Battle of red, battle of white
By Wade Kwon
I hate our national pastime.
No, not celebrity gossip. Baseball.
But I enjoy a good yarn. And some decent drama.
Last year, I even managed to watch the Red Sox streak through the playoffs and World Series to make history. (It helped that I was surrounded by jaded journalists who love underdogs.)
So kudos to columnist Jayson Stark at ESPN for his game wrapup, "South Side redemption." It’s a compelling read, well written and well reported. It even plays up the Chicago White Sox’s triumph in near-obscurity.
He even mentioned Birmingham’s key contribution to the game, via les Barons.

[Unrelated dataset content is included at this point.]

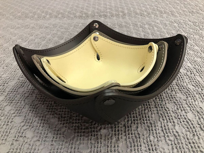 Материал: особо прочная жесткая натуральная кожа cuoio. Маленький Длина: 16 cm Высота: 6 cm Глубина: 16 cm Средний Длина: 18 cm Высота: 7 cm Ширина: 18 cm Большой Длина: 22 cm Высота: 8 cm Глубина: 22 cm

Relievers Cliff Politte and Neal Cotts got the first three outs, squirming out of a two-on, one-out jam in the eighth. So then, in the ninth, it was Bobby Jenks’ turn.
Jenks is another guy who seemed to sum up this team’s year. Claimed on waivers over the winter. Pitching in Birmingham in April. Then standing on the mound with a World Series to finish in October. Perfect.
He’d thrown 41 exhausting pitches in Game 3, less than 24 hours earlier. But there was “no way in hell I wasn’t coming in” to pitch this game, he said.
Of course, he had to make it as terrifying as possible, though. Of course, as his teammates crowded around the top step of the dugout, he had to give up a bloop leadoff single to Jason Lane — followed by a Brad Ausmus bunt that moved the tying run to second base.
“What an inning,” Blum would say later. “It was scary. It was quixotic. What’s that mean, anyway — quixotic?”
Hey, you’ve got us. But it sounded good. Whatever, it was Jenks-otic. And that was the last thing anybody in Chicago needed, after all the Bartman-esque things that have gone on there for the last 88 years.
Check out the full column. As I mentioned to a colleague in Orlando, it’s not about just the mechanics of the sport, but your passion for your subject matter.
I may hate baseball, but today, I hate it a little less.